EXERCISE GOAL: Should the entries contain pictures, leave them out and return exactly the lines from the first through the line holding "ケーブル類はステム下部でわず".

[GIVEN RECORDS — start]

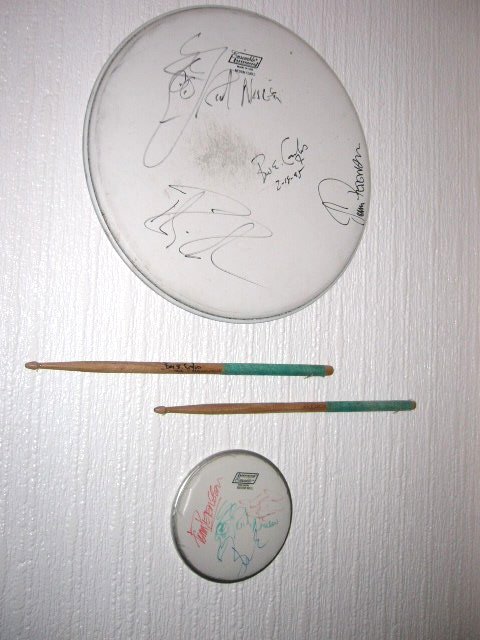 black); six pack cooler, licence plate frame; used & signed drum head; playing cards
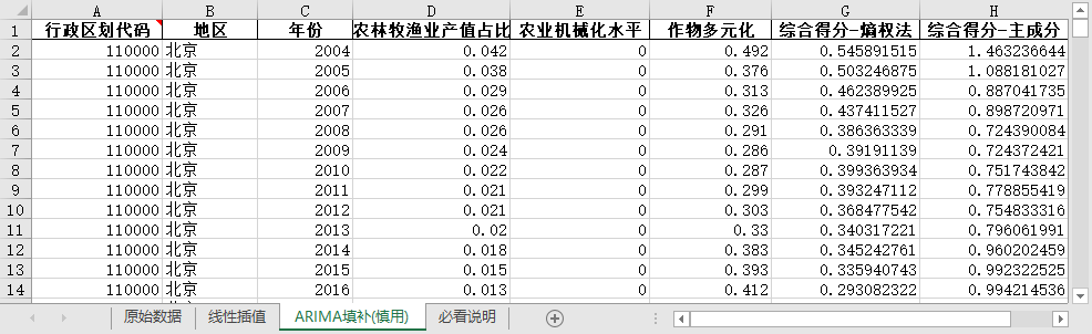 行政区划代码 地区 年份 农林牧渔业产值占比 农业机械化水平 作物多元化 综合得分-熵权法 综合得分-主成分
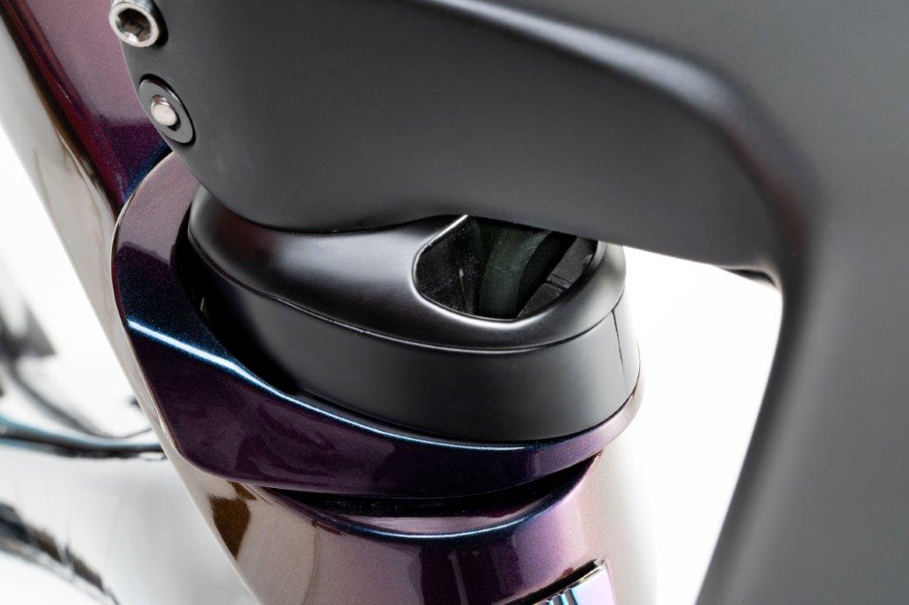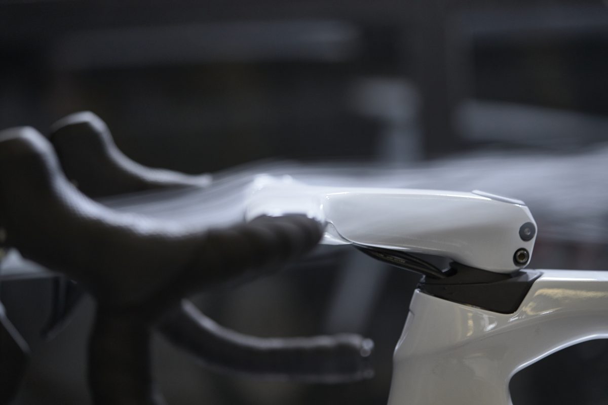 ケーブル類はステム下部でわずかに露出するのみ。完全内装との空気抵抗の差はごくわずかでありながら、優れたメンテナンス性を確保している。これにより通常のステムやハンドルバーも使用可能で、多様なライダーのあらゆるニーズに対応できる
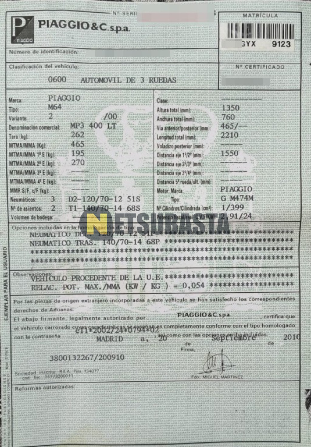 Subasta de Piaggio MP3 LT 400 2010 Siniestrados, Marca Piaggio, Modelo MP3 LT 400, Combustible Gasolina, Kilometraje 115.000 KM, Fecha 1ª matriculación 09/2010, Matrícula ****GYX, Color Exterior , Color Interior , IVA REBU y Ubicación Barcelona.
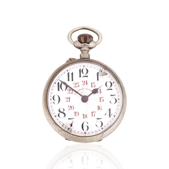 Roskopf Patent - Relógio de Bolso, caixa de metal prateado. Cerca de 56mm de diâmetro. Movimento com corda e ajuste pela coroa (pin-set). Mostrador de porcelana.
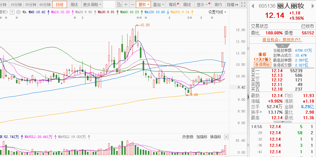 丽人丽妆:化妆+电子商务,该股周二涨停股价突破筑底区间,向上走加速拉升,均线向上粘合发散,走多头趋势,今天跳空高开形成突破性缺口,但跳空高开幅度太大,所以没抓,想着回踩在考虑的,但直接涨幅一直在5%左右所以放弃了,但从封单和连板力量以及时间看,拉升力量还有持续性,而且位置不算高,看周四能否继续冲锋。

[GIVEN RECORDS — finish]

ANSWER TO THIS EXERCISE:
 black); six pack cooler, licence plate frame; used & signed drum head; playing cards
 行政区划代码 地区 年份 农林牧渔业产值占比 农业机械化水平 作物多元化 综合得分-熵权法 综合得分-主成分
 ケーブル類はステム下部でわずかに露出するのみ。完全内装との空気抵抗の差はごくわずかでありながら、優れたメンテナンス性を確保している。これにより通常のステムやハンドルバーも使用可能で、多様なライダーのあらゆるニーズに対応できる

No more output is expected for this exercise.